Le concept de « Due diligence » est apparu pour la première fois aux Etats-Unis dans le Securities Act de 1933. A l’origine, cette notion est « très largement issue de la jurisprudence nord-américaine […], selon laquelle les dirigeants et les conseils d’administration sont soumis à l’obligation fiduciaire (fiduciary duties) envers les actionnaires, l’entreprise et la société en tant que telle, c’est-à-dire l’ensemble des parties prenantes » (23).

Le concept contemporain de « Due diligence » impose « à l’entreprise d’agir prudemment et de s’informer de son mieux, au plus et par tout moyen légal sur ses nouveaux employés, clients ou associés ; ce pour acquérir la certitude raisonnable que ces entités ou individus ne sont ni corrompus, ni criminels, ni terroristes, ni complices avérés d’une opération illicite » (24). La « Due diligence » anglo-saxonne relève donc d’une obligation de moyens. En 2017, une extension jurisprudentielle de la « Due diligence » a été effectuée par les tribunaux anglais aux filiales (25). La jurisprudence anglaise s’inscrit donc dans la mouvance globale sur ce point.

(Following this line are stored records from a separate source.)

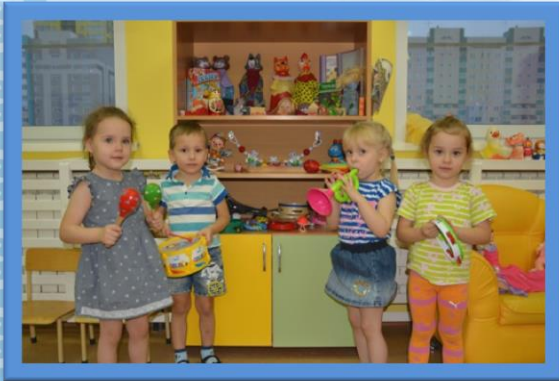
Центр музыкального развития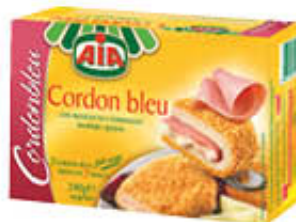
AIA CORDON BLEU 240 GR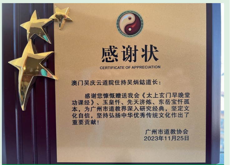
廣州市道教協會感謝狀

II/ Le rôle prépondérant de l’Etat dans la protection des individus et la garantie de voies de recours effectives

L’Etat joue un rôle prépondérant en ce qu’il doit prendre les mesures appropriées pour enquêter, sanctionner et réparer (A’). Si l’Etat doit intervenir pour protéger les individus, il doit aussi garantir des voies de recours effectives (B’).

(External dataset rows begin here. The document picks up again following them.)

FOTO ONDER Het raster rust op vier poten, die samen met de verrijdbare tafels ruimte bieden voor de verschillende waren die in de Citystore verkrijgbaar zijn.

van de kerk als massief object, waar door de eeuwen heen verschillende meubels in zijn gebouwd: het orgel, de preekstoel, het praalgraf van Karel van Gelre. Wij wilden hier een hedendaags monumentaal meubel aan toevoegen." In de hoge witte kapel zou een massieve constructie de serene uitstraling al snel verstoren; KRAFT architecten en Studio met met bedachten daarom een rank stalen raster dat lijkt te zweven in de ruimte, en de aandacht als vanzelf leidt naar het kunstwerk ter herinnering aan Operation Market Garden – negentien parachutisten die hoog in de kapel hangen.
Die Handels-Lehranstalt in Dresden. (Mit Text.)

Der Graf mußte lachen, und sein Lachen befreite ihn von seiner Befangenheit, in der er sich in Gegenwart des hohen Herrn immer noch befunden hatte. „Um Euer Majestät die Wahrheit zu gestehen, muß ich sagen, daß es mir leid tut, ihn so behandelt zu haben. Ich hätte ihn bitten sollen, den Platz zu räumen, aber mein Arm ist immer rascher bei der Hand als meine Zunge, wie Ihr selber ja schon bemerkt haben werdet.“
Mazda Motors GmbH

A’/ La nécessaire intervention de l’Etat en vue de la protection des individus

Les Etats sont les premiers garants des droits de l’Homme. Il relève donc de leurs missions de s’assurer que les entreprises transnationales respectent ces derniers. Ils sont les seuls à pouvoir imposer des instruments contraignants aux entreprises en la matière contrairement aux organisations internationales. En effet, les instruments des organisations internationales relèvent de la soft law. Cette dernière n’a qu’un « caractère influent » sur les législations nationales mais ne peut en aucun imposer un comportement en particulier à des acteurs internationaux tels que les entreprises transnationales (26). Les organisations n’ont pas ce pouvoir contrairement aux Etats, car elles ne bénéficient pas de la même légitimité notamment pour des questions de souveraineté. Les Etats s’appuient cependant sur ces instruments pour inciter les entreprises à les respecter au même titre que des obligations (27).

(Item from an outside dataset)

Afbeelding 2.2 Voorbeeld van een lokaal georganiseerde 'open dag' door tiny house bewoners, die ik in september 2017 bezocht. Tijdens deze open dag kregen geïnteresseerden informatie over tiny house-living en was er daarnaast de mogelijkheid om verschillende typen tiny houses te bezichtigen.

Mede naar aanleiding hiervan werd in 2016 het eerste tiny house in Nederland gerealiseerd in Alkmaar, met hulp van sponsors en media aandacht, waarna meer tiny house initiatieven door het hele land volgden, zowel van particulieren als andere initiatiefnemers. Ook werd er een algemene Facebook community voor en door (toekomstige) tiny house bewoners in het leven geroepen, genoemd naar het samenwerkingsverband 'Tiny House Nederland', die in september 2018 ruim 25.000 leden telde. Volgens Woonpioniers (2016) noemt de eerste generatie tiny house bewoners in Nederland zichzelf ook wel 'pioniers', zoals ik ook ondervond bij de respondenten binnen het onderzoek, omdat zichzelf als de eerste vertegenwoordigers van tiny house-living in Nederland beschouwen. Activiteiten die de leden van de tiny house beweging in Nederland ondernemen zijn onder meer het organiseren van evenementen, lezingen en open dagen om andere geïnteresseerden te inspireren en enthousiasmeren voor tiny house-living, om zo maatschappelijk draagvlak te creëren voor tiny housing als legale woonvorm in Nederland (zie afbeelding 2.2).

L’ONU incite les Etats à rédiger des plans d’action nationaux (PAN) en vue d’assurer un meilleur respect des droits de l’Homme par les entreprises transnationales (28). Ainsi, comme inscrit dans son Plan Entreprises et Droits de l’Homme, l’Allemagne vérifiera dès 2018 qu’au moins 50 % des grandes entreprises ont établi une diligence raisonnable d’ici 2020 et envisagera des mesures juridiques si nécessaire (29).

Les Etats ont légiféré pour mettre en place des dispositifs visant à sanctionner le comportement des entreprises comme la loi française sur le devoir de vigilance. Mais les Etats instaurent aussi des dispositifs visant à une meilleure transparence de la part des entreprises. Ainsi, en Angleterre, le Modern Slavery Act adopté en mars 2015 pour lutter contre les formes modernes d’esclavage, oblige les sociétés commerciales à faire une déclaration sur « l’esclavage et le trafic d’êtres humains ». En janvier 2017, plus de 10 153 entreprises anglaises avaient enregistré leurs déclarations sur un site en open data (pas de sanctions ou de pénalités prévues dans cette loi) (30).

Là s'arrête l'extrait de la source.